Hope springs eternal for electric vehicle manufacturer Rivian Automotive (NASDAQ:RIVN), but as the old saying goes, hope isn’t a viable investment strategy. Even if Rivian Automotive’s management sees the glass as half-full, the confirmed data doesn’t bode well for RIVN stock in 2023.
Speaking of confirmed data, it’s indisputable that Rivian Automotive has been an income-negative business, quarter after quarter.
It’s also known that Rivian’s long-term shareholders have experienced steep losses. In the final analysis, they shouldn’t count on a comeback as Rivian Automotive’s vehicles might be flashy and powerful, but they’re not strong sellers.
Ambitious Goals, but Lackluster Sales
Which do you base your investments on: management’s goals, or actual data? Personally, I choose the established data because sometimes a company falls short of its stated objectives.
This isn’t just a philosophical question, as it applies directly to Rivian Automotive. Apparently, the company’s management likes to propose ambitious EV production goals.
For instance, Rivian Automotive Chief Financial Officer Claire Rauh McDonough reportedly expects the company to produce 400,000 R2 SUVs every year, starting in 2027.

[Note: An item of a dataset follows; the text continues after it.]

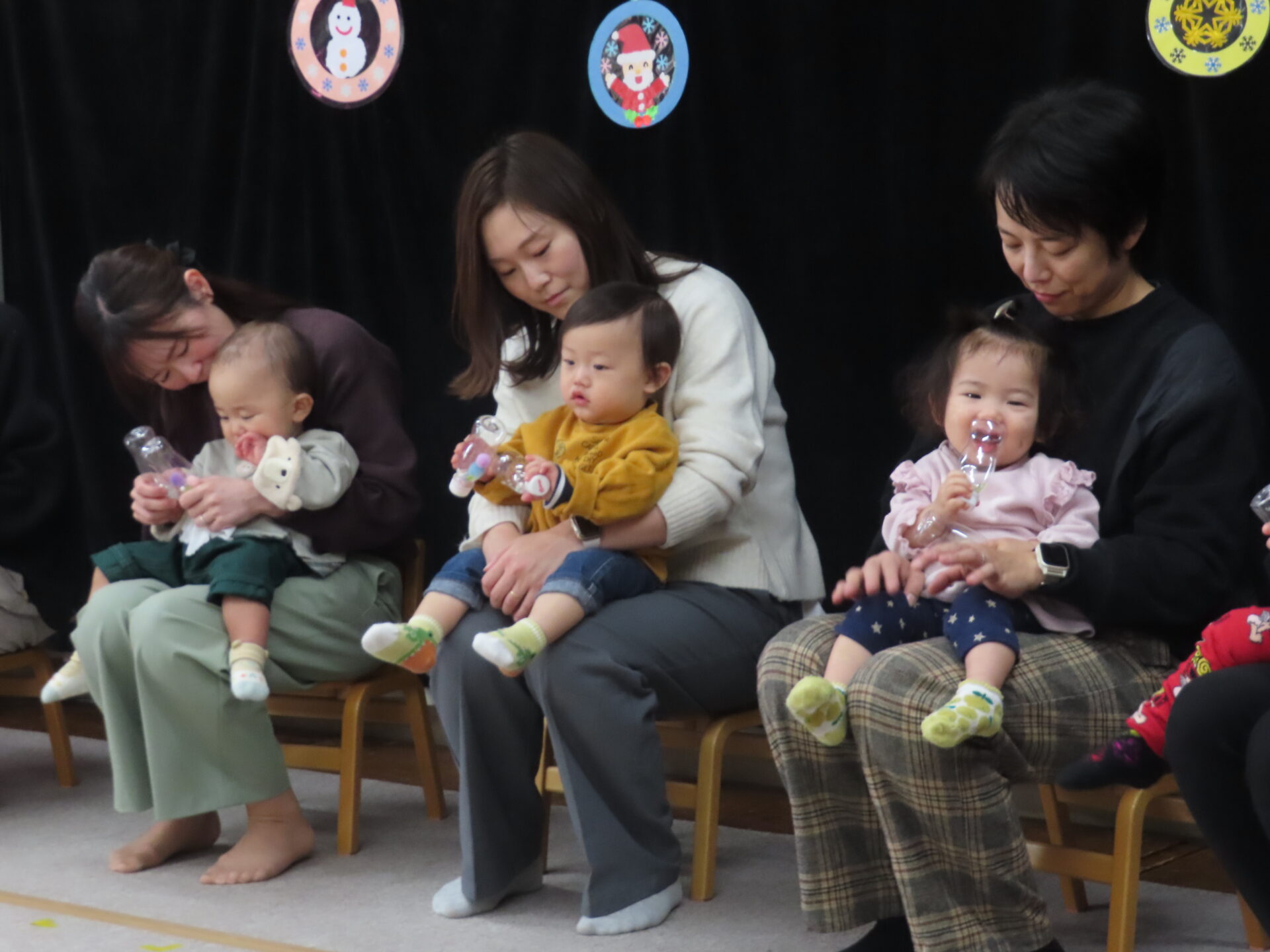 『♪おもちゃのチャチャチャ♪』は、大好きなお母さまと一緒に手作りのマラカスをシャカシャカ振りながら、可愛らしい笑顔を見せてくれました。なかにはいつもと違う雰囲気に泣いてしまったり緊張した表情のお友だちもいましたが、元気いっぱいマラカスを振って発表してくれました♪

Remember, Rivian Automotive only produced 9,395 vehicles during this year’s first quarter. Yet, despite a 6% workforce reduction, Rivian’s management decided that the company “remains on track” to produce 50,000 vehicles this year.
Ultimately, selling vehicles is just as important as producing them, if not more so. On that topic, McDonough has evidently “seen really a stable environment throughout the course of this year from a demand vantage point.”
But again, the management’s optimism isn’t confirmed by the data, as Rivian Automotive only delivered 7,946 vehicles in Q1 of 2023.
A Big Problem for RIVN Stock
Now, we must shift gears to a news item that’s going to bother some Rivian Automotive fans and investors. Presciently, JPMorgan analyst Min Moon predicted Rivian would be kicked off of the Nasdaq 100 index in June. That prediction came to pass.
Rivian Automotive will officially be removed from the Nasdaq 100 index, effective June 20. Most likely, this removal is based on Rivian Automotive’s deteriorating market capitalization. Currently, Rivian’s market cap is around $14 billion.
A $14 billion market cap doesn’t make Rivian Automotive a “micro-cap” startup company. However, it’s indicative of the automaker’s fall from grace. As you may recall, RIVN stock briefly traded above $170 in late 2021.
Back then, financial traders were seemingly eager to bid up the share price of anything and everything related to EVs.
Those heady days are in the rear-view mirror now. Consistently unprofitable “zombie” companies aren’t in favor anymore.
Besides, a prestigious index like the Nasdaq 100 only has room for the biggest and best technology-related companies. Clearly, Rivian Automotive doesn’t make the cut anymore. Probably, it never really did.
Don’t Wait Around for a RIVN Stock Comeback
It’s fine to monitor Rivian Automotive’s progress (or lack thereof) from a safe distance. Maybe, Rivian will meet its EV production goals and impress Wall Street with blockbuster vehicle delivery numbers.
Or, maybe not. Instead of focusing on the high hopes of Rivian Automotive’s management, I recommend sticking to the confirmed facts. With that in mind – and understanding the significance of getting booted from the Nasdaq 100 – investors definitely shouldn’t count on a comeback with RIVN stock.
On the date of publication, David Moadel did not have (either directly or indirectly) any positions in the securities mentioned in this article. The opinions expressed in this article are those of the writer, subject to the InvestorPlace.com Publishing Guidelines.